Solange die Inflation annähernd bei Null gelegen hat, haben viele Sparer das zähneknirschend hingenommen; jetzt zieht jedoch die Inflation an und das bedeutet: Rette sein Geld wer kann. Da europäische Anleihen in den nächsten Jahren keine positive Rendite erbringen werden und Immobilien nicht nur immobil sondern auch zu teuer geworden sind, bleibt nur der Aktienmarkt. Insbesondere die ETFs werden m.E. in den nächsten Monaten ungeahnte Zuflüsse von den Sparkonten erleben und die Indizes (insbesondere auch den DAX) in die Höhe treiben. Man muss sich nur einmal die Größenordnung klar machen: Alle DAX-Unternehmen zusammen haben eine Marktkapitalisierung von < 1,5 Billionen €. Selbst wenn nur 5 % der 8,3 Billionen € in den deutschen Aktienmarkt fließen, stünde der Index 25 % höher. Außereuropäische Investoren und kreditfinanzierte Käufe dabei noch überhaupt nicht berücksichtigt.

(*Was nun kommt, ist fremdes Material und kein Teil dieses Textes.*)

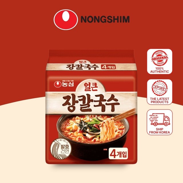 FREE SHIPNongshim Spicy Jangkalguksu 103g Bag Ramen - Pack of 4 | Authentic Korean Noodle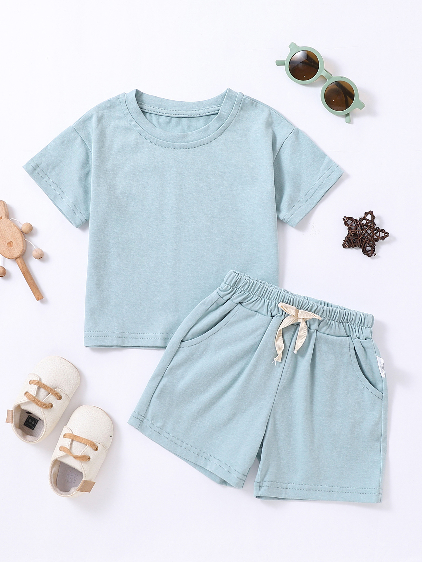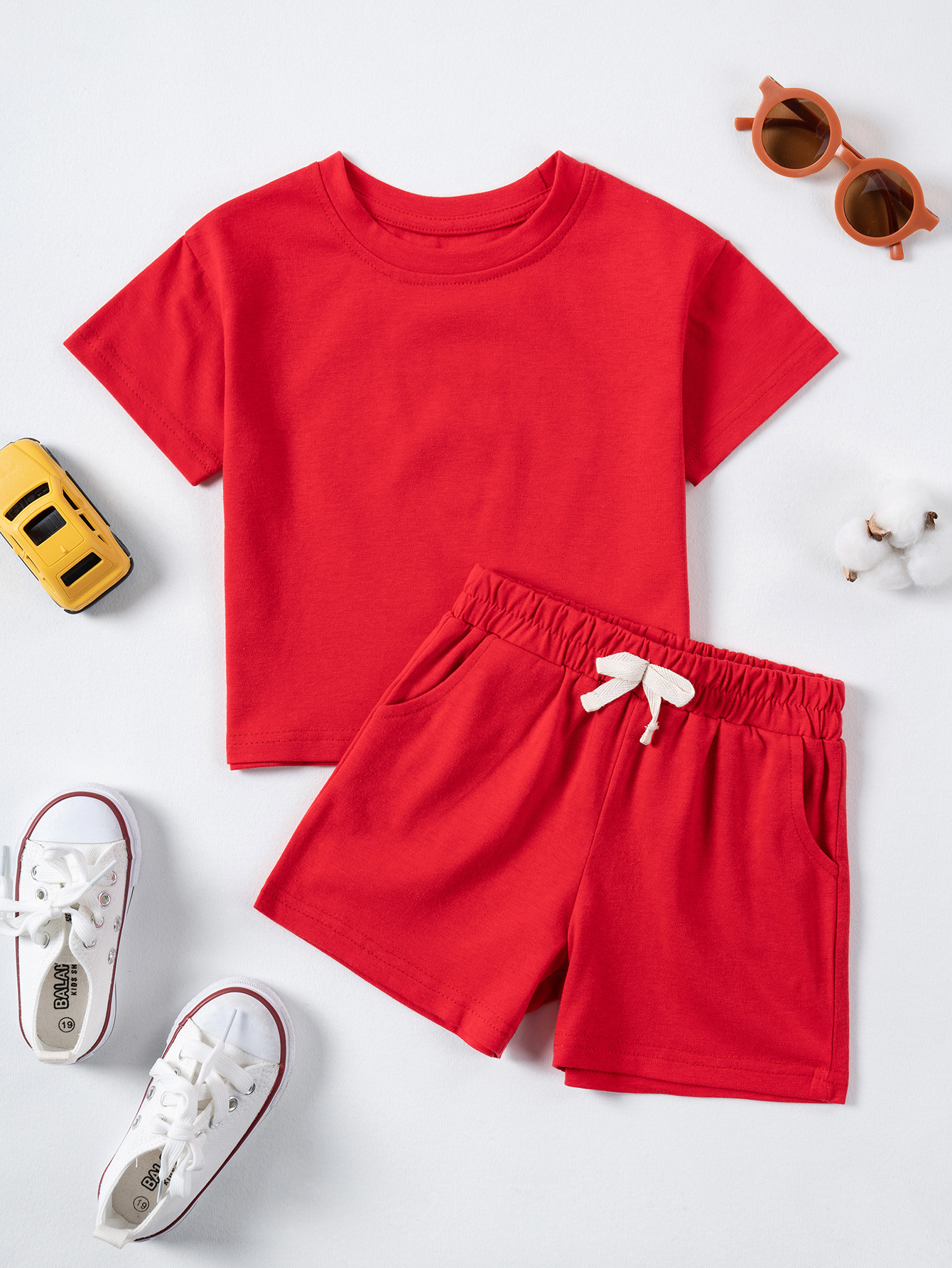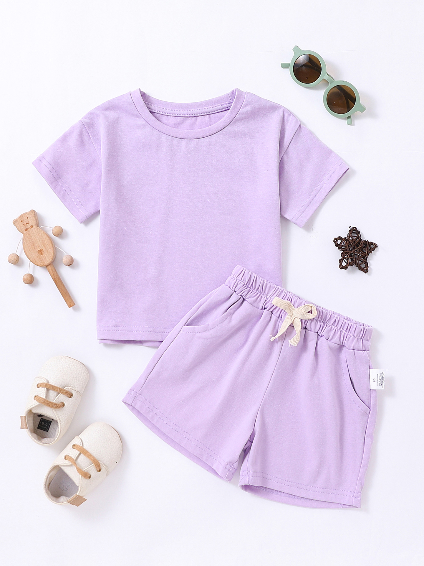 Label Size 100, age 2-3 years old. Top length 40 cm, bust 66 cm, pants length 29 cm, hip 68 cm.

2. Die Impfungen gegen Covid-19 haben – zumindest derzeit – eine deutlich höhere Schutzwirkung, als ich erwartet hatte. Ich bin im Herbst davon ausgegangen, dass die Schutzwirkung in der Größenordnung anderer Reihen-Impfungen (beispielsweise Influenza) liegen wird und etwa 50-70 % betragen würde. Bis zu einer Herdenimmunität hätte es dann noch 3-4 Jahre gedauert (mit wiederholten unvermeidlichen Lock-Downs). Zumindest die mRNA-Impfstoffe kommen jedoch auf eine Schutzwirkung von > 90 %. Das war für mich unvorstellbar. Eine ausreichende Impfstoffmenge vorausgesetzt, können wir damit rechnen, in weiten Teilen Europas bis Ende 2021 Herdenimmunität erreicht zu haben. – Wenn uns keine Mutante einen Strich durch die Rechnung macht. Die Wirtschaft wird daher keinen nachhaltigen Schaden nehmen.
3. Auch nach dem Ende des Lock-Downs wird die Sparrate höher liegen als vor Corona. Erstens wird die Unsicherheit noch für einige Jahre in den Köpfen der Menschen bleiben und erst langsam zurückgehen und andererseits werden viele Dienstleistungen nicht mehr im früheren Umfang in Anspruch genommen werden. Das Corona-Jahr hat bei vielen einen nachhaltigen Lebenswandel herbeigeführt. Das Homeoffice und der weitgehende Verzicht auf Dienstreisen lassen sich ebenso wenig wieder zurücknehmen, wie die Tendenz zur Selbstversorgung. Warum soll man Geld für Brot, Essen-Gehen oder Haare-Schneiden ausgeben, wenn man das inzwischen mindestens genauso gut kann, wie der durchschnittliche Bäcker, Koch oder Friseur? Warum soll man ins Kino gehen, wenn es Netflix gibt? Warum soll man durch den Supermarkt rennen, wenn man im Internet Preise und Leistungen viel besser vergleichen kann und der Lieferservice alles an die Tür bringt? Das entsprechende Geld kann man sich sparen – und das Geld möchte man rentierlich anlegen.
Ich bin daher zu einem Buy-the-Dip-Jünger geworden und stocke mein Depot langfristorientiert auf. Auf eine deutliche Korrektur oder gar einen Crash hoffe ich aktuell nicht mehr.